**Source data**
☆ ☆ ☆

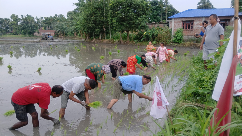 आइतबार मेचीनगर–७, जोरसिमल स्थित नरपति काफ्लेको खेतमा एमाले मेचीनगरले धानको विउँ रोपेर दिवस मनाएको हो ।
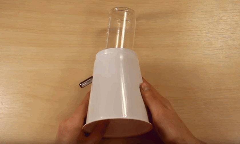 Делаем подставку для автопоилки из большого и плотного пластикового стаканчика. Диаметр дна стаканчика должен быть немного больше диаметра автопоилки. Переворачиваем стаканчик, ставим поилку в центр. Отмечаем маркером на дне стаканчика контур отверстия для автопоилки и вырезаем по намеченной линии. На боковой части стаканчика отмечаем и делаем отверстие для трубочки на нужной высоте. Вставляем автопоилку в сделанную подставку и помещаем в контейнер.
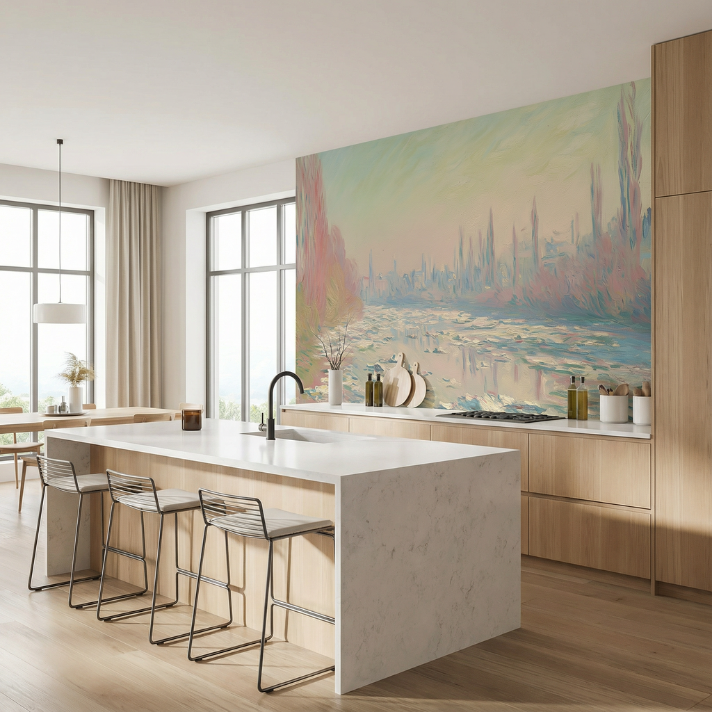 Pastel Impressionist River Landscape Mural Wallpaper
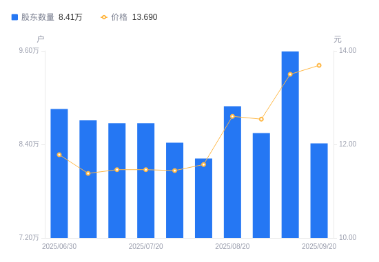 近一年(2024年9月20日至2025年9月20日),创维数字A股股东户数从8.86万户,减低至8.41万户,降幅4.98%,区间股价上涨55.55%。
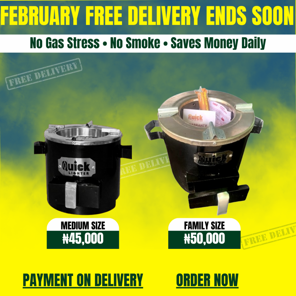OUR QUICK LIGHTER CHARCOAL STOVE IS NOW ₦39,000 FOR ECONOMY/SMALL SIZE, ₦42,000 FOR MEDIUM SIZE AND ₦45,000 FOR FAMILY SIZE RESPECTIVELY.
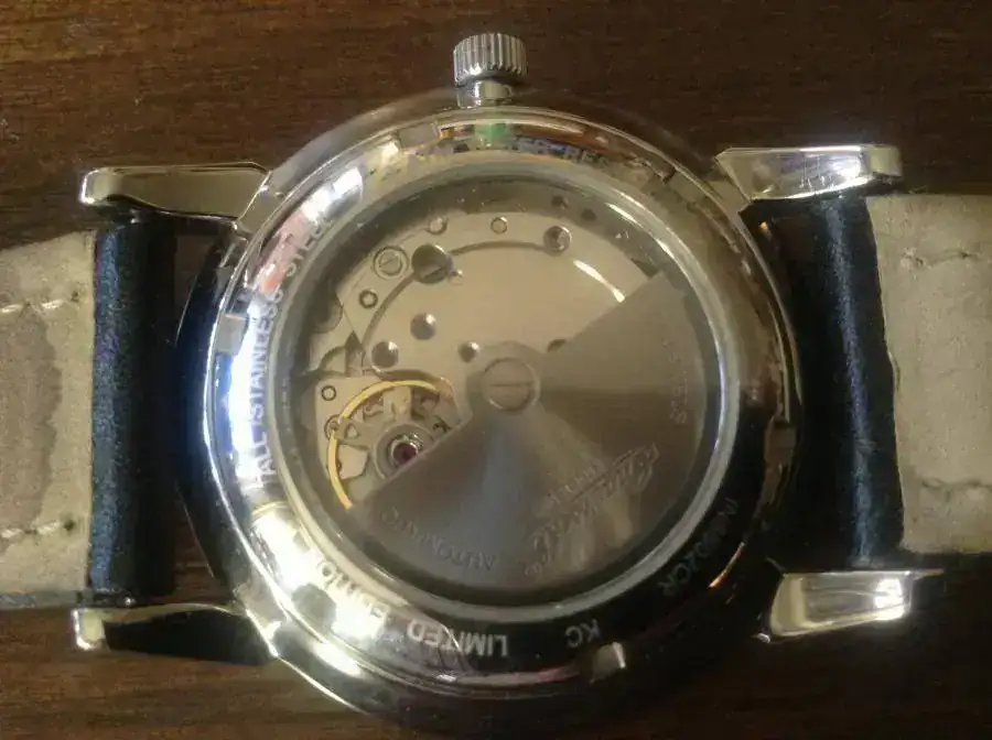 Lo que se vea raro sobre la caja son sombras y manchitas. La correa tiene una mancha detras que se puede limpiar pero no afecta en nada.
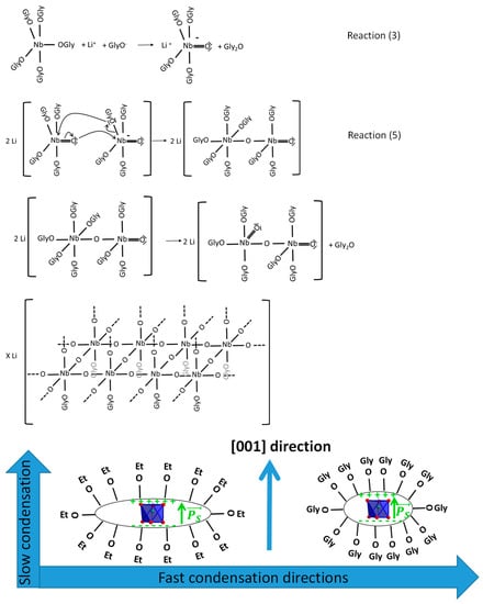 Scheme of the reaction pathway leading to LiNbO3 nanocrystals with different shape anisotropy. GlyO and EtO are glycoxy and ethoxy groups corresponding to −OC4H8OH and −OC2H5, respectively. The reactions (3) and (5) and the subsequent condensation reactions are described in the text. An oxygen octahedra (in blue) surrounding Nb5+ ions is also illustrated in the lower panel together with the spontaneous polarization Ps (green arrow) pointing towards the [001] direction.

☆ ☆ ☆

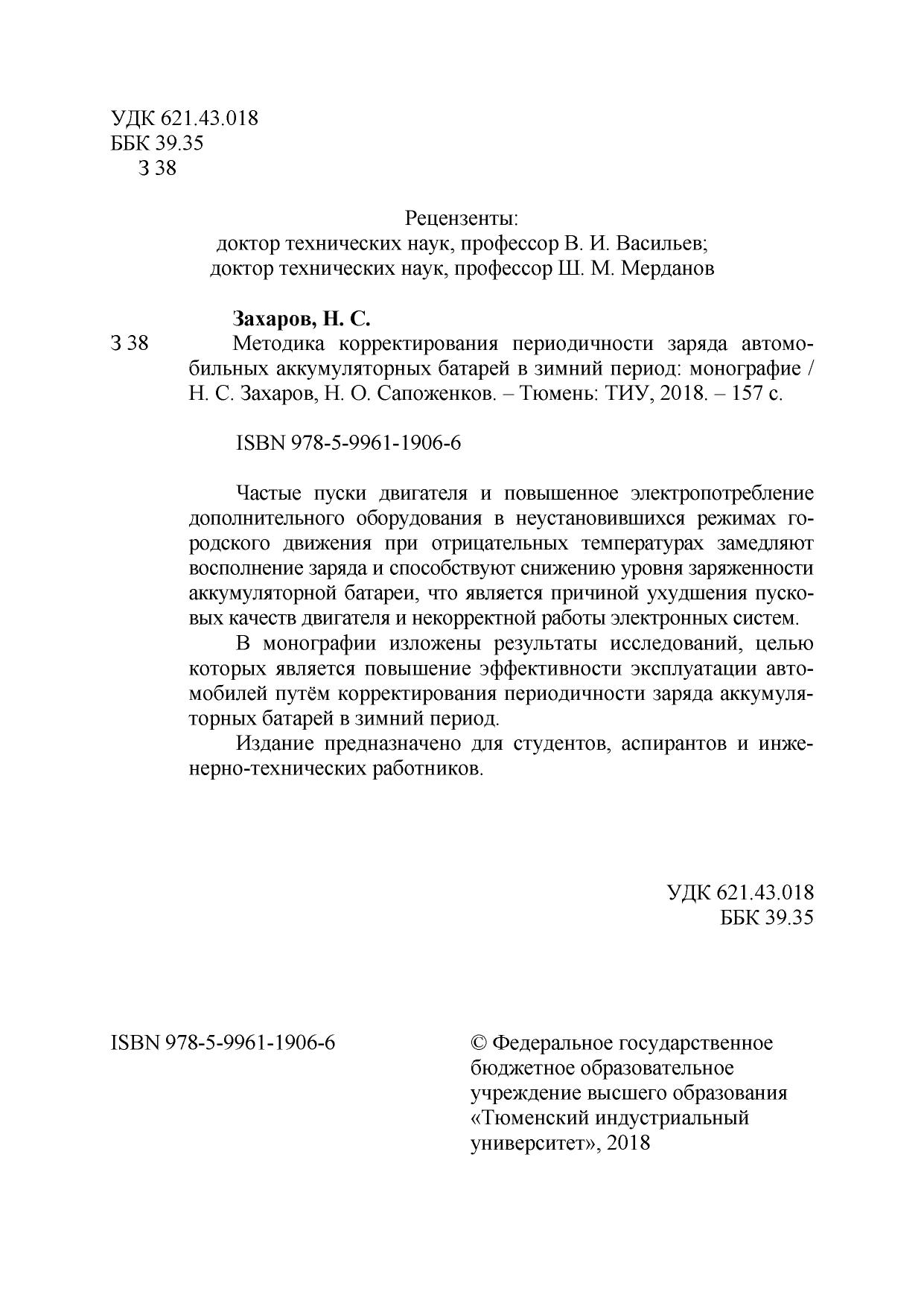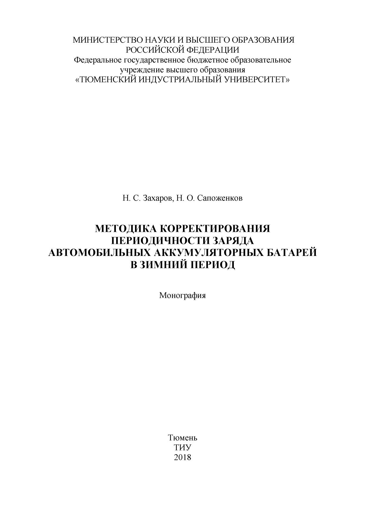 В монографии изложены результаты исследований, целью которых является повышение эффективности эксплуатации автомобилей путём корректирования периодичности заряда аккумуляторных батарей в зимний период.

☆ ☆ ☆

**Task to complete**
Drop the pictures; return the lines above from the line containing "OUR QUICK LIGHTER" to the line containing "Scheme of the", both included, exactly.

**Answer box**
OUR QUICK LIGHTER CHARCOAL STOVE IS NOW ₦39,000 FOR ECONOMY/SMALL SIZE, ₦42,000 FOR MEDIUM SIZE AND ₦45,000 FOR FAMILY SIZE RESPECTIVELY.
 Lo que se vea raro sobre la caja son sombras y manchitas. La correa tiene una mancha detras que se puede limpiar pero no afecta en nada.
 Scheme of the reaction pathway leading to LiNbO3 nanocrystals with different shape anisotropy. GlyO and EtO are glycoxy and ethoxy groups corresponding to −OC4H8OH and −OC2H5, respectively. The reactions (3) and (5) and the subsequent condensation reactions are described in the text. An oxygen octahedra (in blue) surrounding Nb5+ ions is also illustrated in the lower panel together with the spontaneous polarization Ps (green arrow) pointing towards the [001] direction.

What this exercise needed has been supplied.